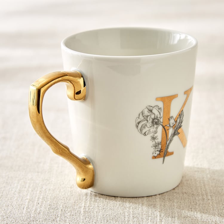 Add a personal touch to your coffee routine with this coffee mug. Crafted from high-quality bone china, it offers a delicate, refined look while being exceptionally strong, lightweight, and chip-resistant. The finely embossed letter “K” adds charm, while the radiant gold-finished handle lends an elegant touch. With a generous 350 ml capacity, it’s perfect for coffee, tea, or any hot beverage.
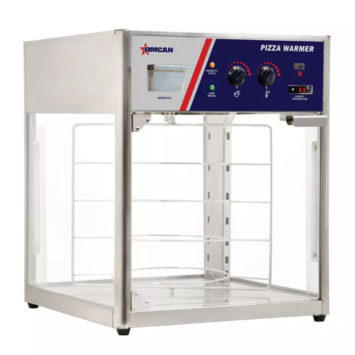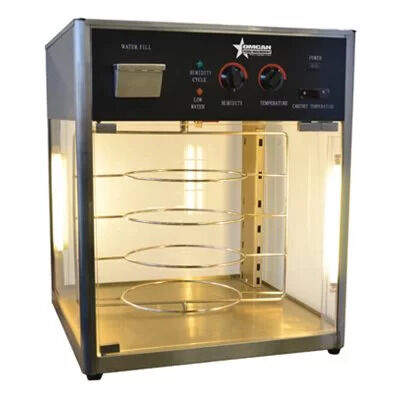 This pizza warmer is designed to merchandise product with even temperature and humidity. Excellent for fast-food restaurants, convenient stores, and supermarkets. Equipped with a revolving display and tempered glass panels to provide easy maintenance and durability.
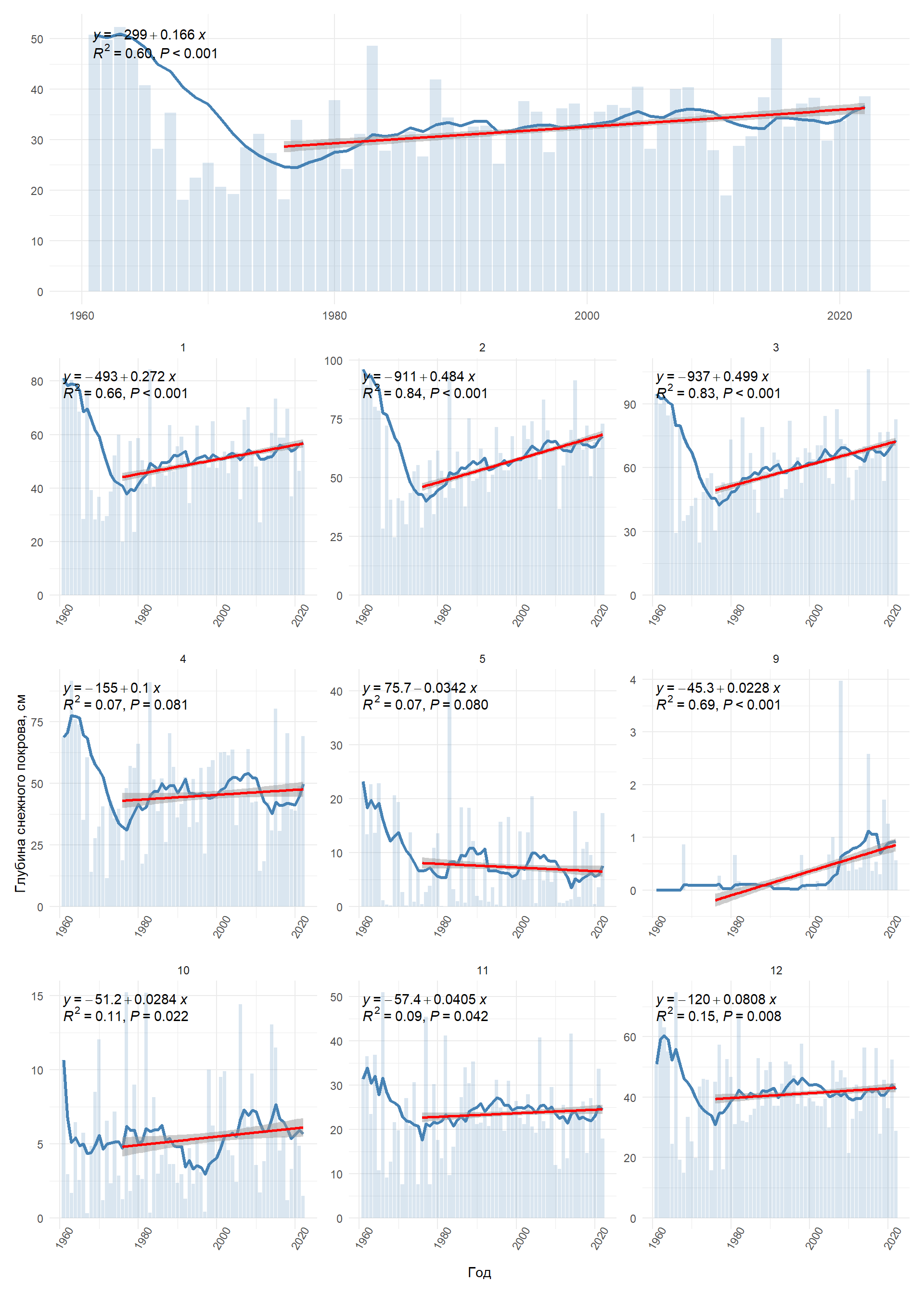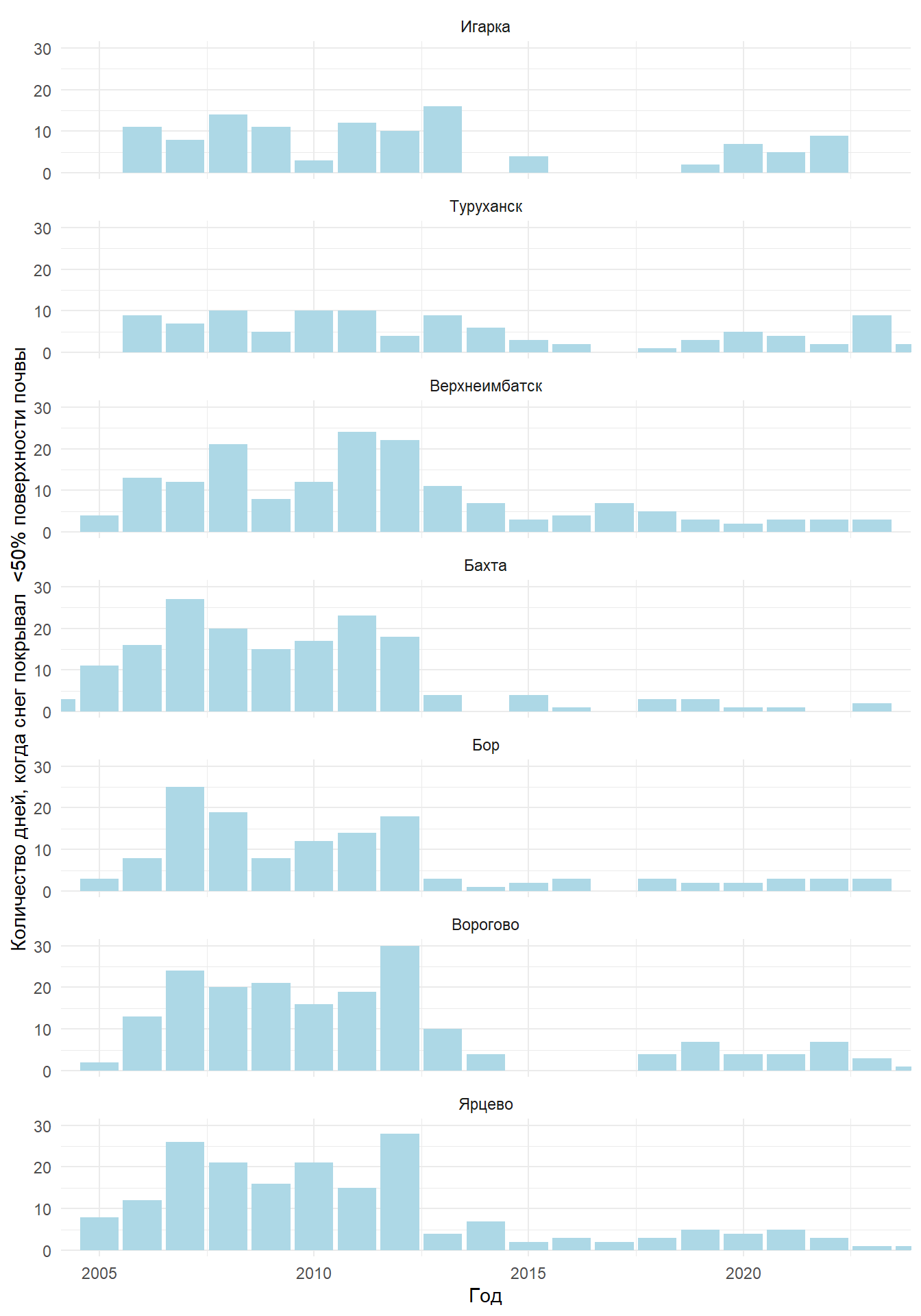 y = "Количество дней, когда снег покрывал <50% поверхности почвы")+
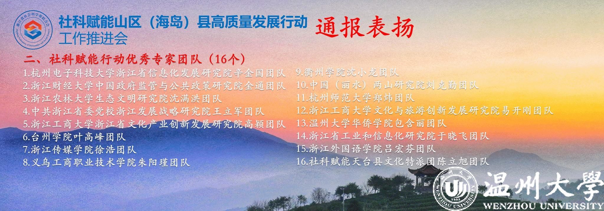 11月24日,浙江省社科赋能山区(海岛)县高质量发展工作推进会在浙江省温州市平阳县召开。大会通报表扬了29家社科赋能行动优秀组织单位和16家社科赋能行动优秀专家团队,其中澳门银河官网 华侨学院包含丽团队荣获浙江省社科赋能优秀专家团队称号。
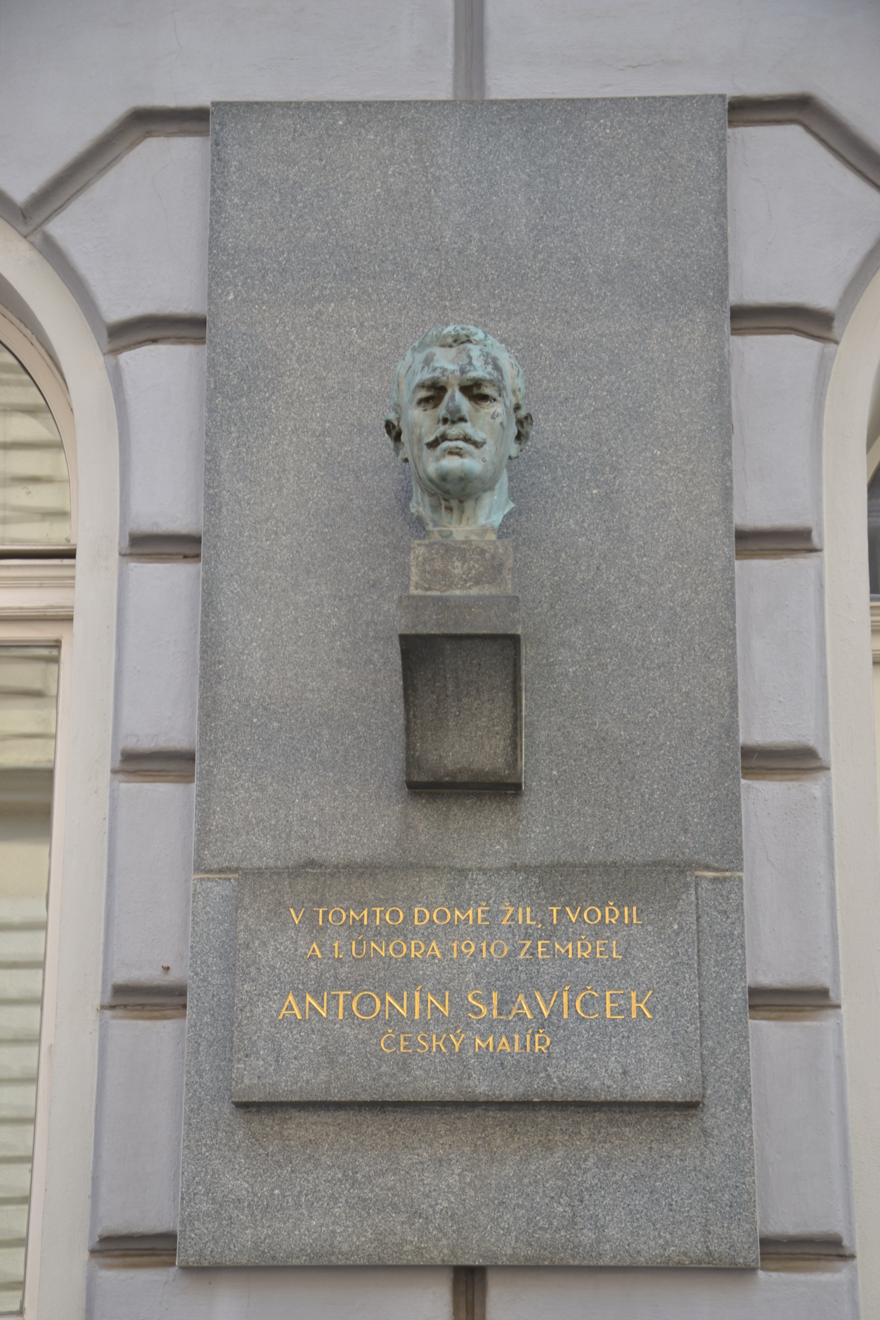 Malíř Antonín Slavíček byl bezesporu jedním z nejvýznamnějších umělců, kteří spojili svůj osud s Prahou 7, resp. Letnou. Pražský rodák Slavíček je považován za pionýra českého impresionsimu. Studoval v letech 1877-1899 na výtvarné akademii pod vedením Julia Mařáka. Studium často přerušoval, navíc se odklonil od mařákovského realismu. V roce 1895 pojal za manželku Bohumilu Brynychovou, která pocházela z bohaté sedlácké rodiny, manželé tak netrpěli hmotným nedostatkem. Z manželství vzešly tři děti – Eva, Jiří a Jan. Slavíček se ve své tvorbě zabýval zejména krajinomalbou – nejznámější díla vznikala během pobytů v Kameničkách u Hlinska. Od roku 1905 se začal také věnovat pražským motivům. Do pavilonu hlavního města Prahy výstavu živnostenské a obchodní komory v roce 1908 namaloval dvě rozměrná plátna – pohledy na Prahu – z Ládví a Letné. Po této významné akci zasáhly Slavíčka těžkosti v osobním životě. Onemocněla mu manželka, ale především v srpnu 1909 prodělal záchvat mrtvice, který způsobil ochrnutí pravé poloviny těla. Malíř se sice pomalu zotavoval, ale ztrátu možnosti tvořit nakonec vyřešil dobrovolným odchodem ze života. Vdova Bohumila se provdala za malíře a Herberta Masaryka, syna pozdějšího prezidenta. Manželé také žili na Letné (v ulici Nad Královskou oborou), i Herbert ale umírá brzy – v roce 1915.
┄┄┄┄┄┄┄┄┄┄
* Assigned task
Any images must be dropped; all other material is to be printed exactly.

* Task output
 Add a personal touch to your coffee routine with this coffee mug. Crafted from high-quality bone china, it offers a delicate, refined look while being exceptionally strong, lightweight, and chip-resistant. The finely embossed letter “K” adds charm, while the radiant gold-finished handle lends an elegant touch. With a generous 350 ml capacity, it’s perfect for coffee, tea, or any hot beverage.
 This pizza warmer is designed to merchandise product with even temperature and humidity. Excellent for fast-food restaurants, convenient stores, and supermarkets. Equipped with a revolving display and tempered glass panels to provide easy maintenance and durability.
 y = "Количество дней, когда снег покрывал <50% поверхности почвы")+
 11月24日,浙江省社科赋能山区(海岛)县高质量发展工作推进会在浙江省温州市平阳县召开。大会通报表扬了29家社科赋能行动优秀组织单位和16家社科赋能行动优秀专家团队,其中澳门银河官网 华侨学院包含丽团队荣获浙江省社科赋能优秀专家团队称号。
 Malíř Antonín Slavíček byl bezesporu jedním z nejvýznamnějších umělců, kteří spojili svůj osud s Prahou 7, resp. Letnou. Pražský rodák Slavíček je považován za pionýra českého impresionsimu. Studoval v letech 1877-1899 na výtvarné akademii pod vedením Julia Mařáka. Studium často přerušoval, navíc se odklonil od mařákovského realismu. V roce 1895 pojal za manželku Bohumilu Brynychovou, která pocházela z bohaté sedlácké rodiny, manželé tak netrpěli hmotným nedostatkem. Z manželství vzešly tři děti – Eva, Jiří a Jan. Slavíček se ve své tvorbě zabýval zejména krajinomalbou – nejznámější díla vznikala během pobytů v Kameničkách u Hlinska. Od roku 1905 se začal také věnovat pražským motivům. Do pavilonu hlavního města Prahy výstavu živnostenské a obchodní komory v roce 1908 namaloval dvě rozměrná plátna – pohledy na Prahu – z Ládví a Letné. Po této významné akci zasáhly Slavíčka těžkosti v osobním životě. Onemocněla mu manželka, ale především v srpnu 1909 prodělal záchvat mrtvice, který způsobil ochrnutí pravé poloviny těla. Malíř se sice pomalu zotavoval, ale ztrátu možnosti tvořit nakonec vyřešil dobrovolným odchodem ze života. Vdova Bohumila se provdala za malíře a Herberta Masaryka, syna pozdějšího prezidenta. Manželé také žili na Letné (v ulici Nad Královskou oborou), i Herbert ale umírá brzy – v roce 1915.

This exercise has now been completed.